5. Software
In the last few years, a number of packages to perform GP regression and classification have been developed in Python and Julia. In this section, we discuss the advantages and drawbacks of seven open-source packages. The packages are compared using five characteristics: beginner friendliness, customisability, community, scalability, and intuitiveness. We focus mainly on how the software can be applied to exact inference but also discuss possible extensions to approximations methods.
scikit-learn
is a comprehensive Python library for predictive data analysis. It provides a number of simple tools for exact GP regression and classification, and is a good place for GP novices to start. The library comes with lots of documentation and large community.
GPy
is also a Python based library. It is more customiseable than sklearn
but still more beginner friendly than GPflow
. The modeller can use non-Gaussian likelihoods, apply sparse and variational approximation during inference and deploy multi-output GPs. There is scope to write custom kernel but the documentation is rather limited with most of it being written as notebooks.
GPFlow
builds on Tensorflow. The documentation is good and the library has many in-built variational approximations.
GPyTorch
builds on Pytorch. The main difference with GPFlow
is that GPyTorch
provides GPU scaling. The documentation has steadily improved in recent years and the library has many built-in variational approximation schemes and specialised solvers. Although the GP models are very customiseable, they are less intuitive to build than in the previously presented libraries.
GPJax
is a didactic GP library that also supports GPU acceleration and just-in-time compilation in Python. The authors seek to provide a flexible API as close as possible to how the underlying mathematics is written on paper to enable researchers to rapidly prototype and develop new ideas. GPJax
also allows graph inputs.
stheno
is an implementation of GP modelling in Python and Julia. Similar to GPJax
is an mathematically intuitive library but run by a small community.

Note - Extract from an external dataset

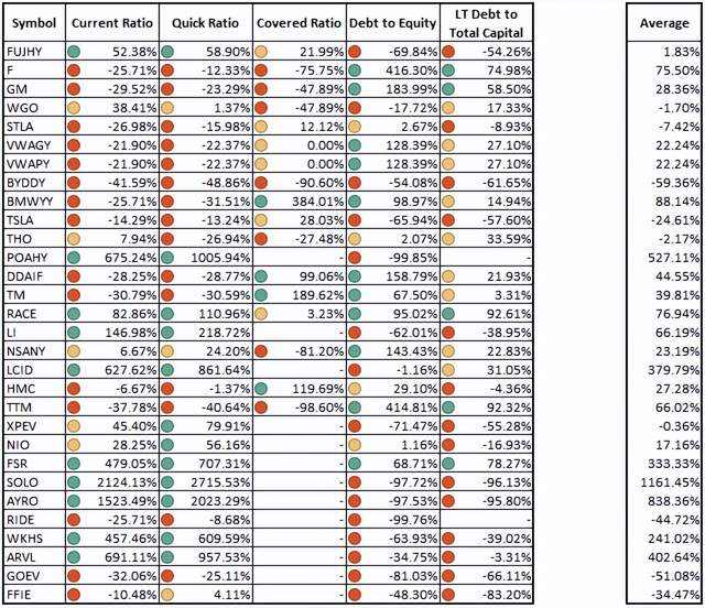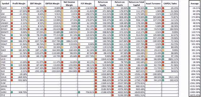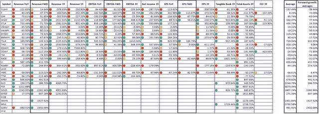 点表示与中值的偏差。如果偏差大于 50%,则颜色为绿色。如果偏差在 0% 到 50% 的范围内,则颜色为黄色。负偏差用红色标记。最右边的列是每个公司数据行的平均值。
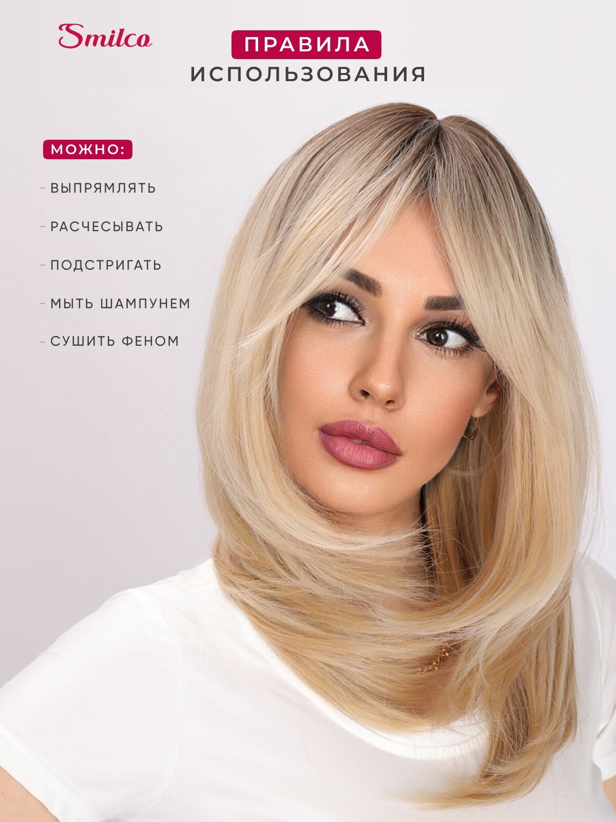 Парик Smilco длинный пшеничный холодный блонд

The Python library can be built on Tensorflow and PyTorch, therefore lends itself to, in the latter case, to more GPU scalability.
GaussianProcesses.jl
is Julia based software package. It has many of the features of the other packages of other packages with the exception of multi-output GPs and GPU scaling.
Other noteworthy software libraries include and Stan MCMC
(Python), PyMC
(Python), GPML
(MATLAB), and GP Stuff
(MATLAB and R).